Se dice que por los bosques acecha un individuo monstruoso, más demonio que hombre, cuya presencia significa la muerte para quien lo vea. Aparece en solitario oculto entre las ramas, y muy pocos reparan en que está ahí. Si lo hacen, ya más nunca se vuelve a saber nada de ellos.
El motivo por el que es una criatura difícil de apreciar no es que sea pequeño o destaque poco, pues estas características nada tienen que ver con él; si no reparan en que está ahí es debido a que cuando lo ven, muchos lo confunden con las delgadas ramas de un árbol. Su sobrenatural altura y delgadez causan esta impresión a los que caminan despistados por los bosques.

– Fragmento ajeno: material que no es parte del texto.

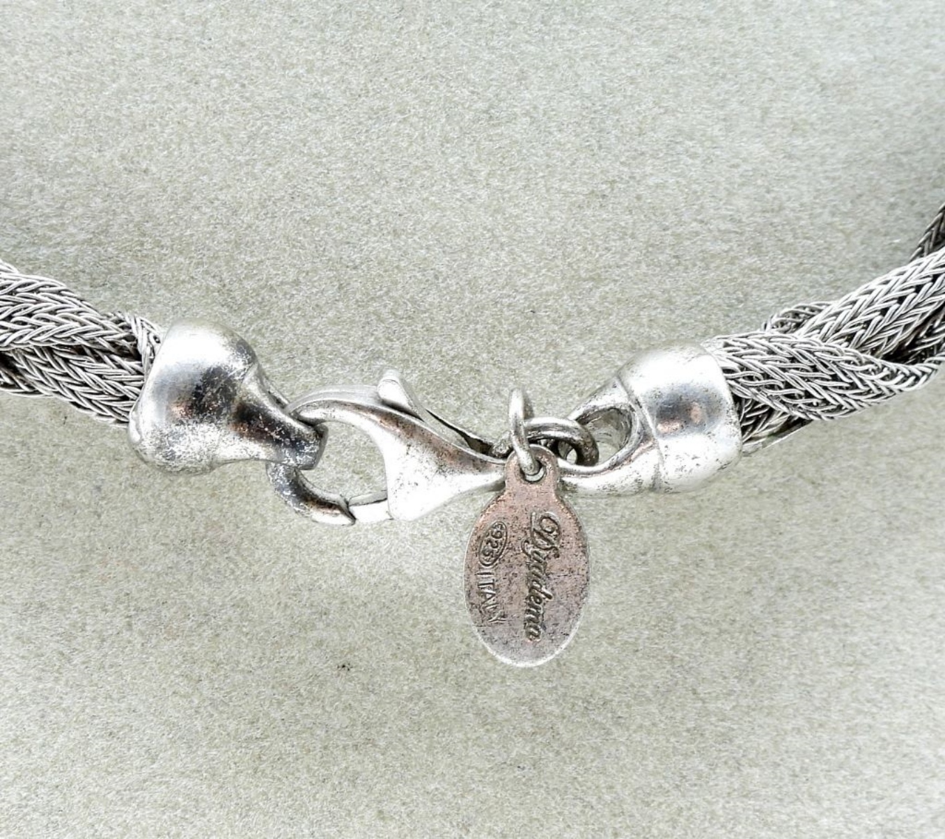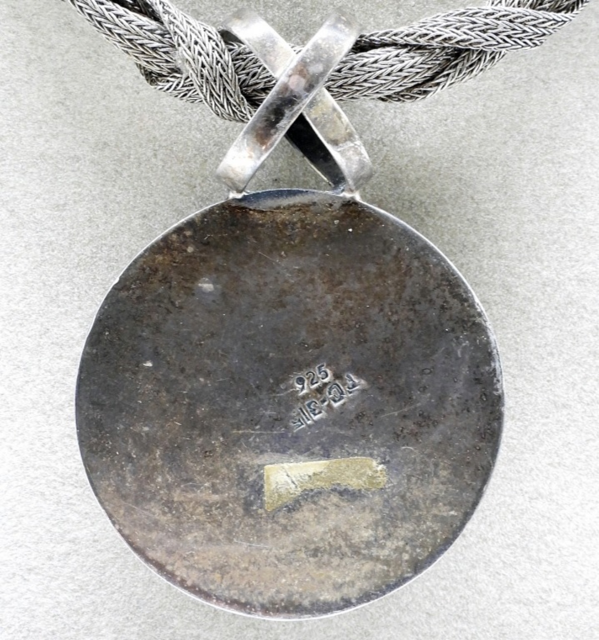 Taxco black onyx pendant, 2″ long. On a Dyadema brand, braided mesh sterling chain, 18″ long. (29 dwt)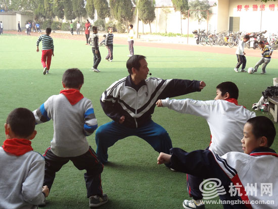 离开的时候,记者还看到操场上的一群群学生,有的在练武术、有的在打太极。虽然很多同学的动作看上去都还不到位,但小家伙们表现出来的神情似乎在告诉我:我已经尽力了!教的老师看上去也都是上了年纪的,但尽管如此,他们并没有放任同学们的动作不合要求,而是挨个的示范、指点。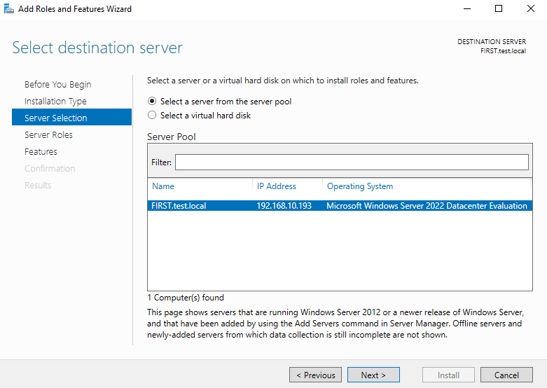 1. Add Roles and Features를 선택 합니다.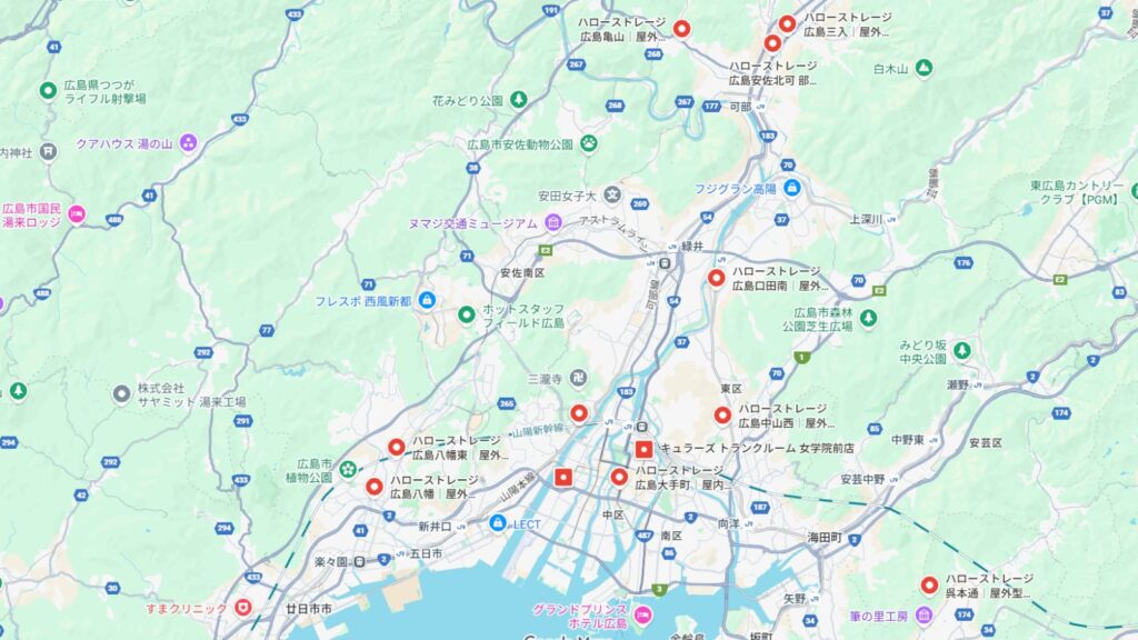 1位、広島市周辺にあるトランクルーム「ハローストレージ」をGoogleマップで見る
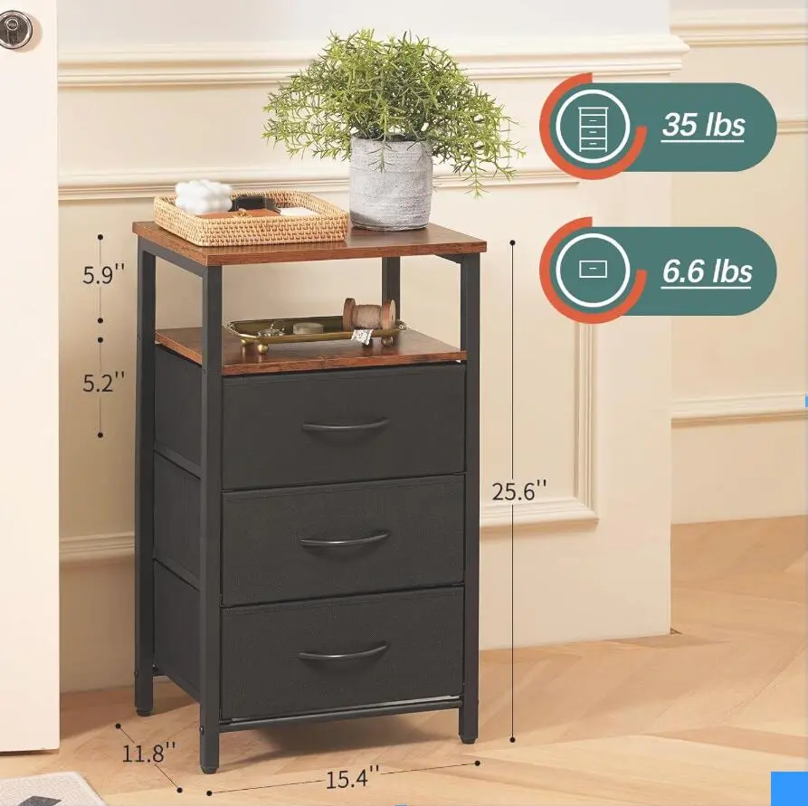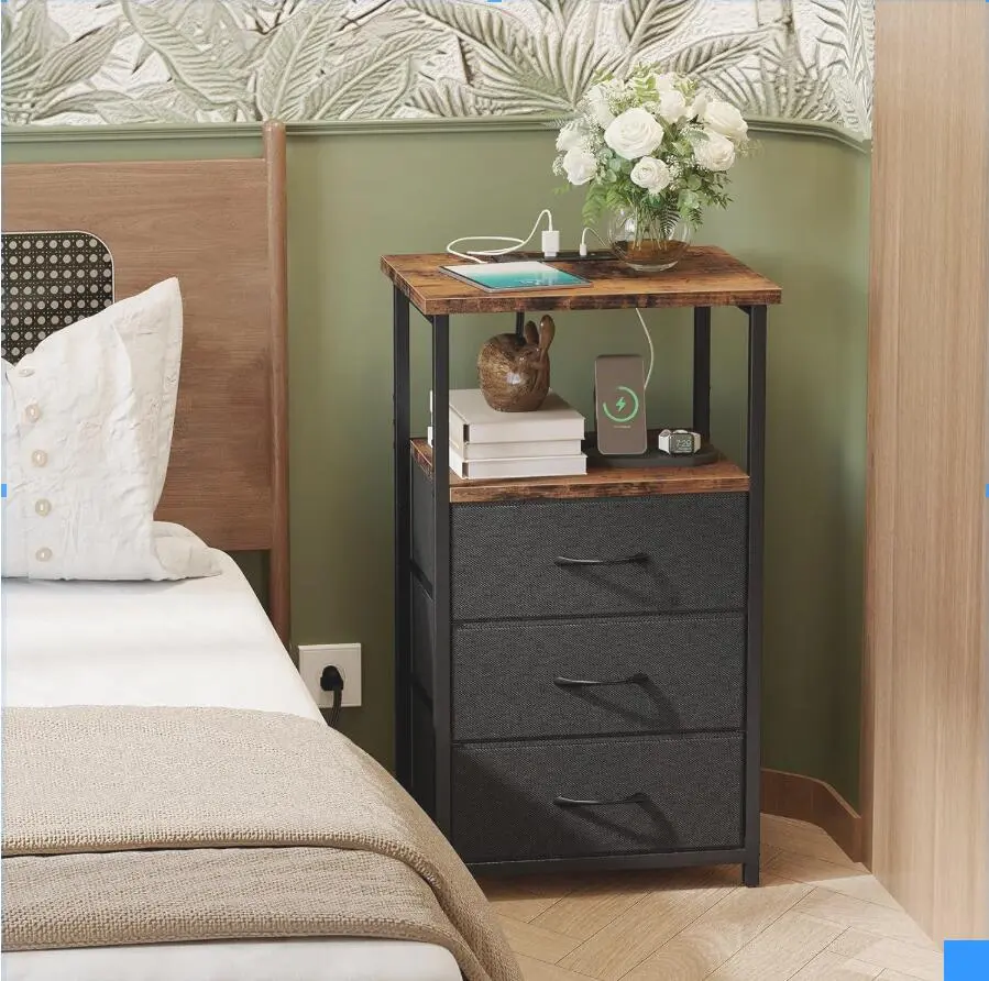 Compact End Table with Drawers Slim Sofa Side Table – Space-Saving & Stylish Multi-Layer Storage for Small Spaces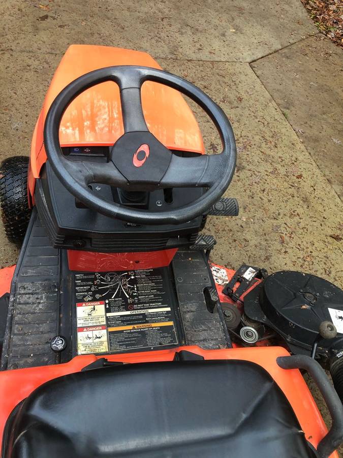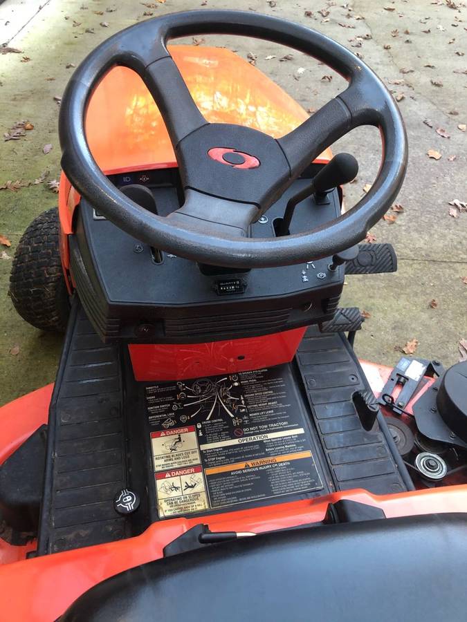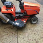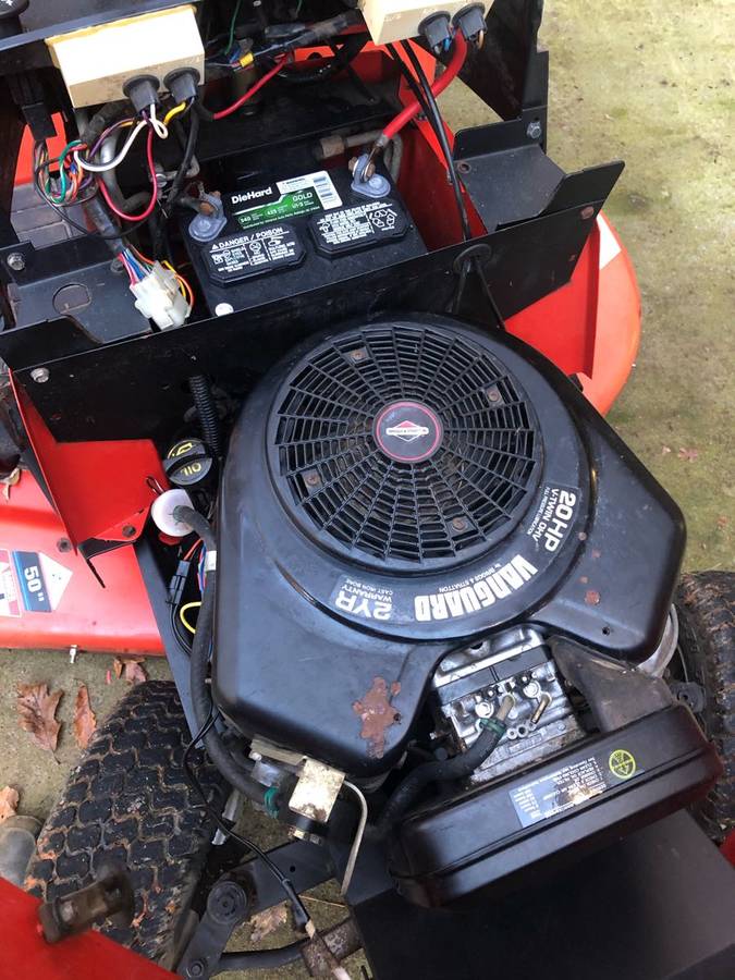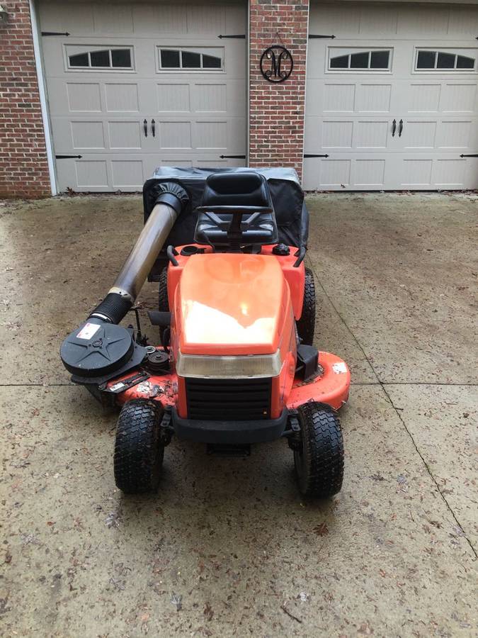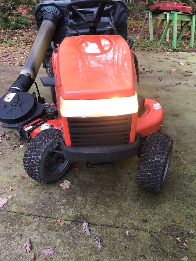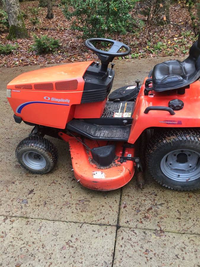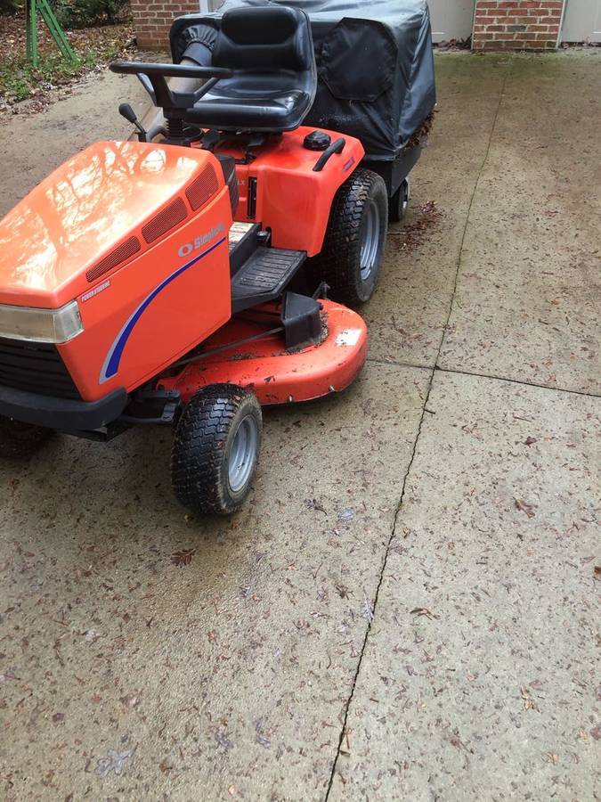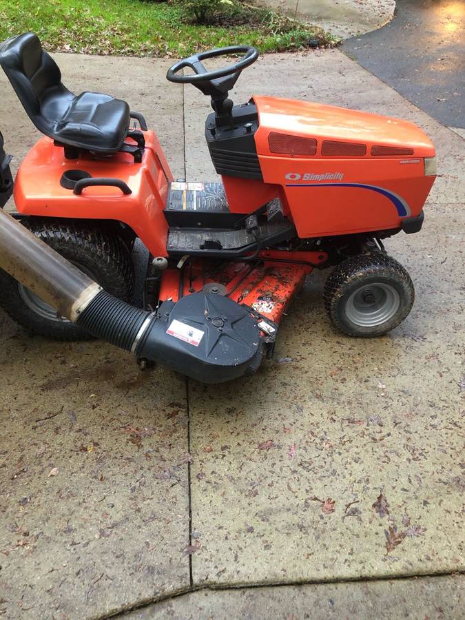 Simplicity Landlord 20 DLX riding mower with power flow and attached leaf cart. This is one owner all-metal devices that was a new package of $7400.00. Has a 50″roller deck to strip your lawn. Leaf vacuum works perfectly (see driveway photos where I picked up wet leaves) and seems to be very easy to dump. 20HP Vangard engine that was just tuned up. Has a larger Tuff Torq transmission (K71) than John Deere 345 and has auto traction control. (already has a positive lock you can engage) Power steering and hydraulic deck.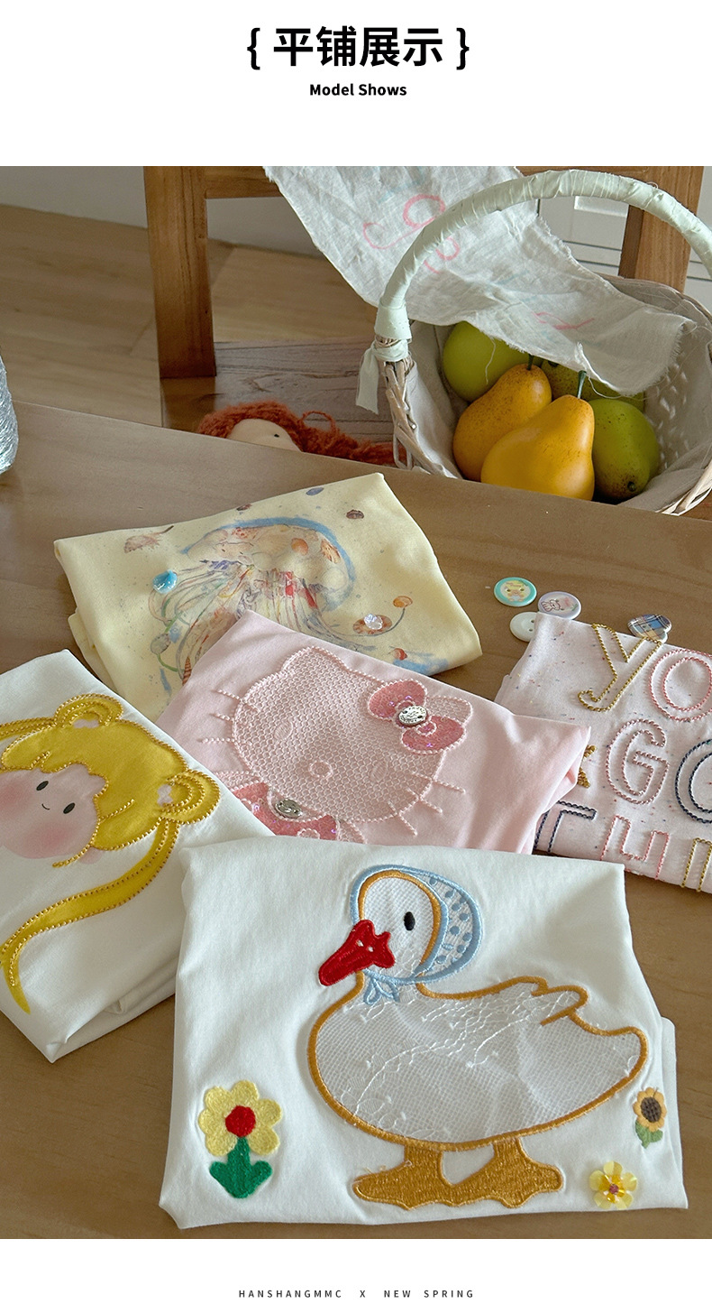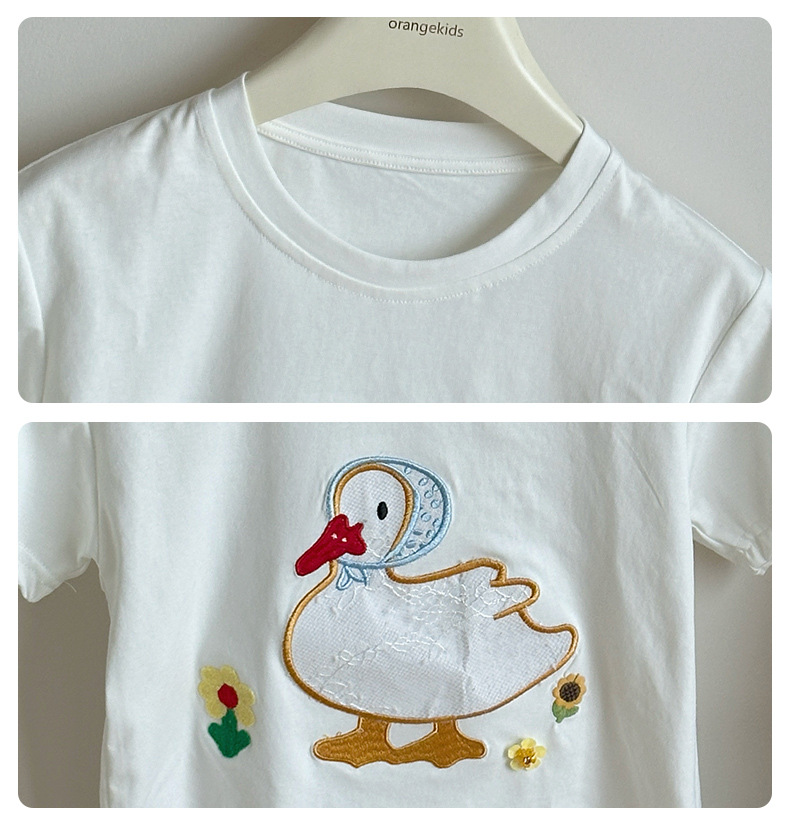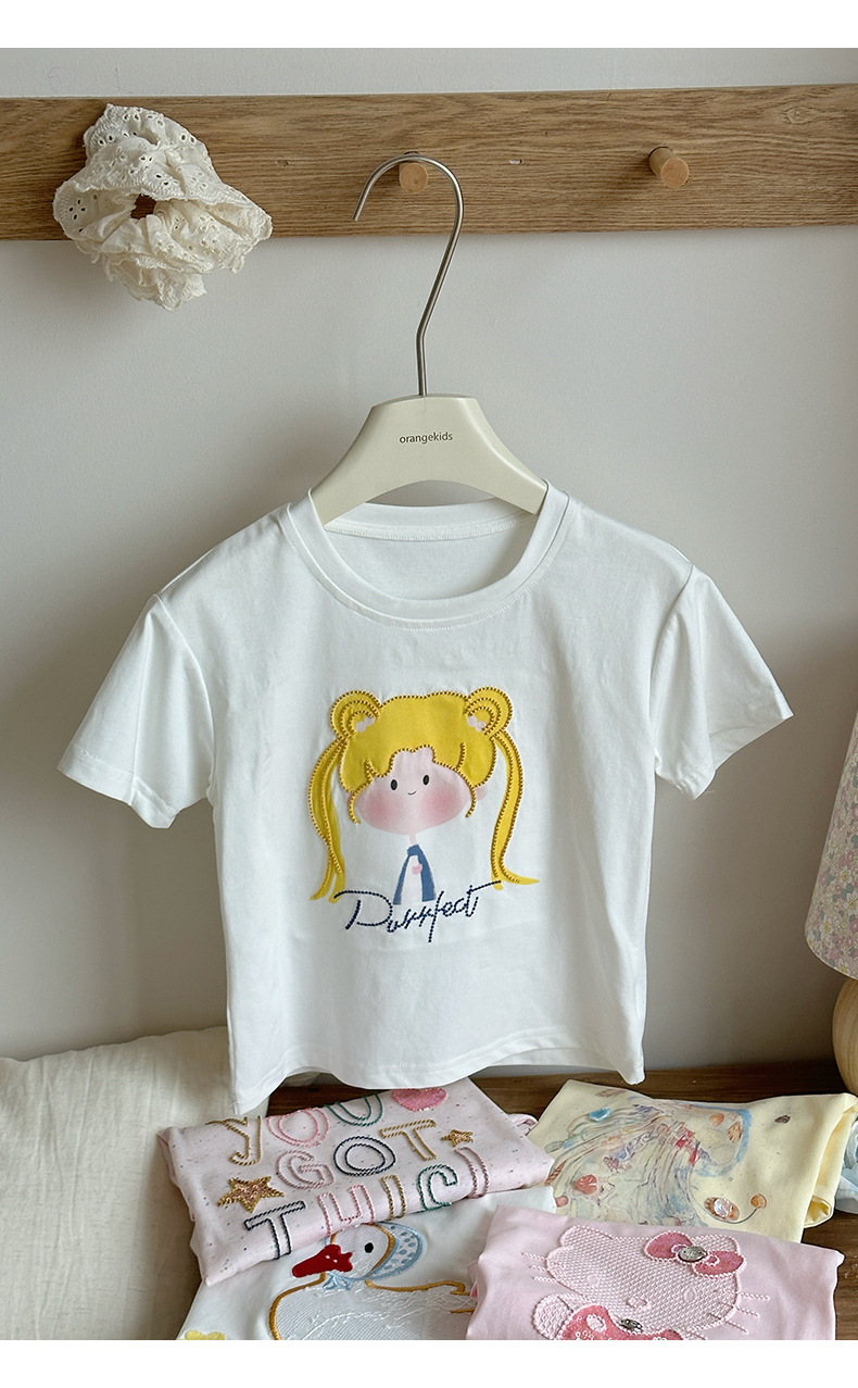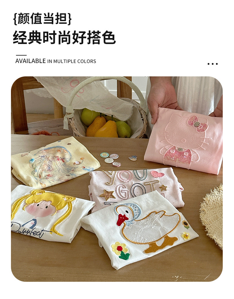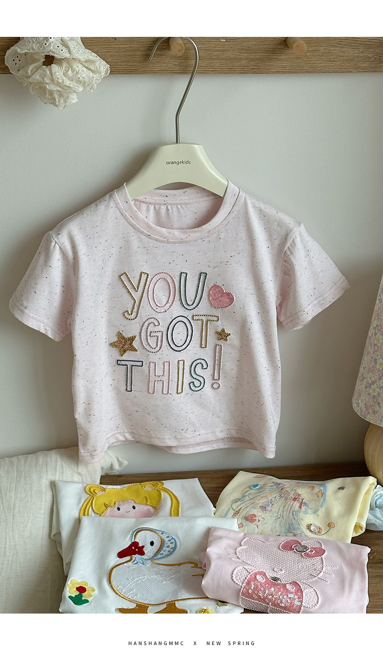 [스타 아이스 코튼 크래프트 스팽글 3 차원 아치 브리지 자수] 소녀 여름 새로운 귀여운 만화 반팔 어린이 티셔츠스토어 가기

Lo llaman Slenderman, y toda constancia que hay de su existencia está en fotos en donde se puede distinguir su presencia. Todo aquel que ha tenido la mala fortuna de encontrarse con él ya no ha podido volver para contarlo. Una vez que Slenderman los atrapa, nada queda de sus cuerpos; las ropas y los objetos personales yacen por los bosques como muestra de su trágico destino. Algunas de estas víctimas consiguen sacarle algunas fotos antes de desaparecer, que son las que ahora circulan por internet y que pronto podréis ver. También hay constancia de algunos videos gravados por personas antes de encontrarse con él; más todos se ven distorsionados a medida que el Slenderman se va aproximando, como muestra de su terrible presencia.
Debido a la poca información de la que se dispone sobre esta criatura, todo lo que hoy en día se conoce de él no son más que meras deducciones a raíz del poco material del que hay a mano . Ni sus verdaderas intenciones ni su comportamiento se han verificado todavía, ni nada se conoce de su naturaleza ni de su origen; lo único que se puede saber a ciencia cierta del Slenderman es su apariencia, y esto no es motivo ninguno de alegria, como más tarde se verá, ya que una criatura tan horrorosa solo podía tener una forma igualmente espantosa para aparecérsele a sus víctima. No por ser feo o monstruoso, pues realmente no lo es en exceso; sin embargo, ese aspecto tan poco natural y la certeza de que su presencia solo puede significar la muerte y la agonia de quienes lo han visto, lo vuelven una de las criaturas más horrendas jamás existentes y fruto de numerosas pesadillas en miles de personas.
Es un hombre, por llamarlo de alguna forma, de una delgadez y altura sobrehumanas, con unos miembros exageradamente alargados y tétricos. Viste un traje con corbata todo de negro, lo cual acentúa su apariencia siniestra, pues este le da un aspecto más rígido e inhumano, como si fuese una estatua maldita que trae consigo el sufrimiento. Pero, sin lugar a dudas, lo más tétrico de él en todas las fotos que hay es el rostro; en ninguna de ellas puede verse. A veces sale oculto en sombras, y otras con una máscara blanca que no deja ver sus facciones. Algunos aventuran que realmente esto no es una máscara y que en verdad carece de rasgos; no tiene ni nariz, ni ojos ni boca. Pero esto es solo una conjetura salida de tono. Lo cierto es que se desconoce la apariencia que tiene su cara.  Lo que si se conoce, y esto es lo más sobrenatural sobre el Slenderman, es que en algunas fotos se puede ver que tiene más de cuatro extremidades; unos tentáculos negros como su traje emergen de su espalda, oscilando entre las ramas como si fuese un pulpo.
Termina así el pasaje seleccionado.